No CENVAT Credit reversal required where Service tax is not paid due to non-receipt of consideration in case the assessee pays the service tax on receipt/collection basis under rule 6(1) of the service tax rules, 1994 as per the judgement of the Hon’ble tribunal in the case of Commissioner of Service Tax vs. Krishna Communication [(2013) 34 Taxmann.com].
Facts:

The Assessee is engaged in providing taxable services in the category of Advertising services. The Assessee has availed CENVAT credit of input services on which service tax liability was paid and it was not utilised for providing output services. Assessee was unable to collect some amount from service recipient to whom he rendered services and he written off the amount as bad debts. The authorities alleged that the assessee is required to reverse the CENVAT credit of those input services which is proportionate to the consideration not received.

Held :

The Hon’ble Tribunal has held that CENVAT credit is not required to be reversed where the assessee provided taxable service but did not discharge service tax due to non-recovery of consideration and observed as under:

(i)                  The input services have been taken correctly and have been used in providing output services. The output services are liable for the payment of service tax. As per rule 6 of the service tax rules, 1994, service tax is payable when the payment towards taxable services are received. No tax is to payable on that part of the amount which is not received. There is no provision in the CENVAT credit rules, 2004 to deny the proportional credit on the inputs which were used in providing the output service on which recovery is pending.

(ii)                The adjudicating authority has held that when service tax was not realised, the output service has not suffered any service tax. Hence the credit availed would fall under the category of wrongly utilised credit and Rule 14 of the CENVAT credit rules would apply.

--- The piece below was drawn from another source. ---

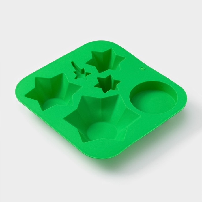 Форма для выпечки новогодняя Доляна «Новогодний набор», силикон, 20,5×22×3,5 см, 6 ячеек, цвет зелёный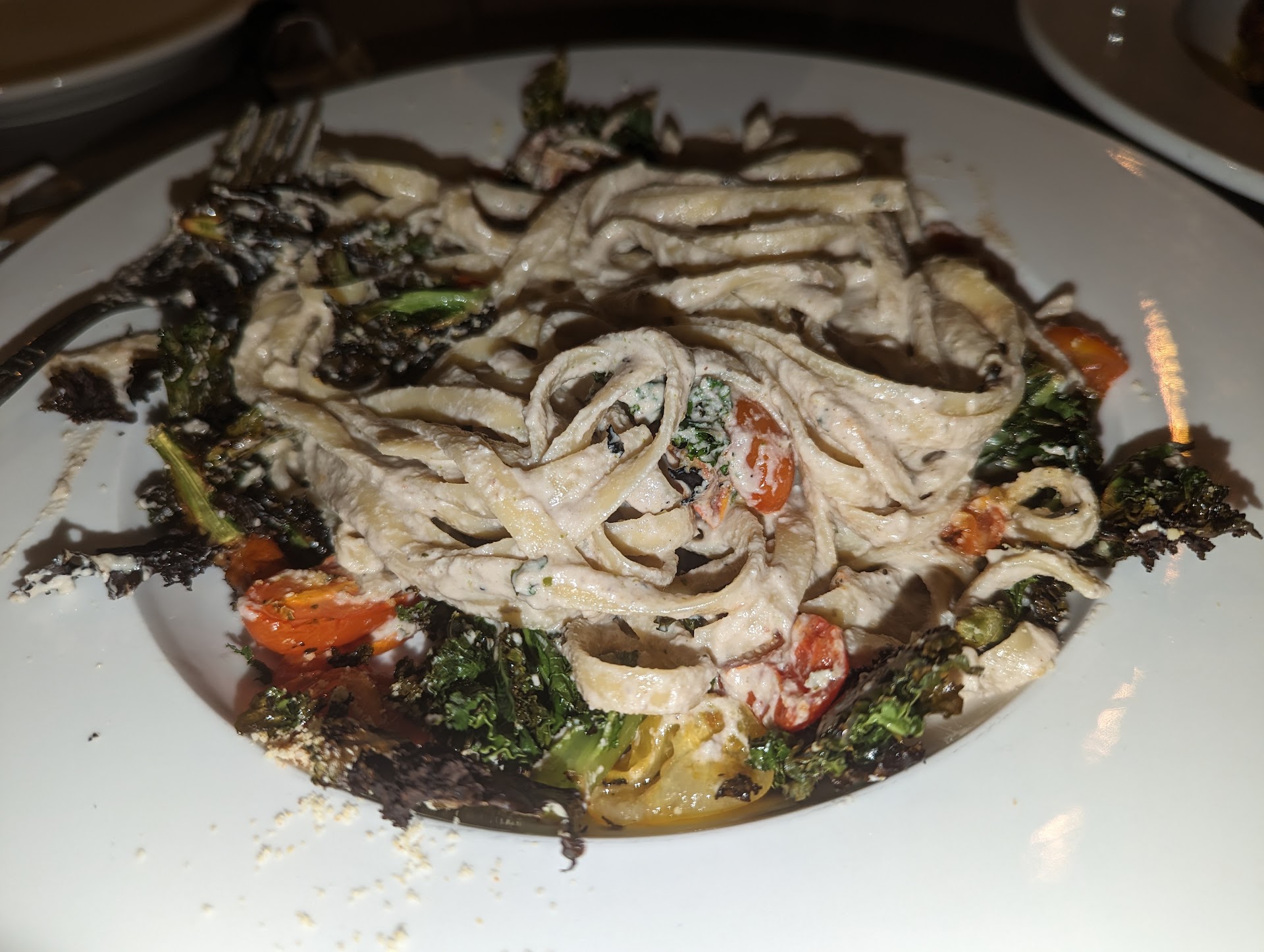 Read moreMy family and I dined at this restaurant a few nights ago, excited to try Italian food with vegan options. However, the place, which claims to be Italian, had a menu riddled with errors in the dish names: 'capressa' instead of 'caprese', 'polenta fritti' instead of 'polenta fritta', etc. This made us realize that it wasn't created by an authentically Italian chef (we're Italian ourselves). When the waitress came to take our order, we discovered that everything we wanted was sold out (we arrived at 8:30 pm, and the restaurant closes at 9 pm, but at 9:40 pm, when we were about to leave, a new couple came in for dinner). We had to settle for the 'pasta il forno', which had nothing to do with the real Italian pasta AL forno. Instead, we got a plate of pan-seared fettuccine with a flavorless tomato sauce. The stuffed mushrooms I had to order as a fallback were nothing special, nor was the caprese, which didn't have the look or taste of a classic caprese, although the vegan cheese (presumably handmade) was good. Even the tiramisu was sold out, and when I asked, 'Could I find it tomorrow?' the reply I got was, 'Yo no sé, yo no sé' (= I don't know) with an unprofessional giggle. The bill was steep! The prices were definitely unreasonable, especially since it's not even authentic Italian food, but a distant and mediocre interpretation. We...

In the regards, Hon’ble tribunal observed that the credit of input services availed is utilised in providing taxable output services. Rule 14 does not envisage recovery of credit in situations where service tax recovery was pending and later written off as bad debts.

Further it was observed that it is not possible to identify bad debt with any particular invoice on which the recovery was pending. There is no one-to-one connection in availing and utilising the credit. Hence there is no merit in the allegation that input credit has been wrongly utilised.

Thus, the Hon’ble tribunal held that proportional credit on the amount of the bad debts written off by the assessee is not liable to be reversed. Since credit availment and utilisation is not wrong hence no penalty is imposable.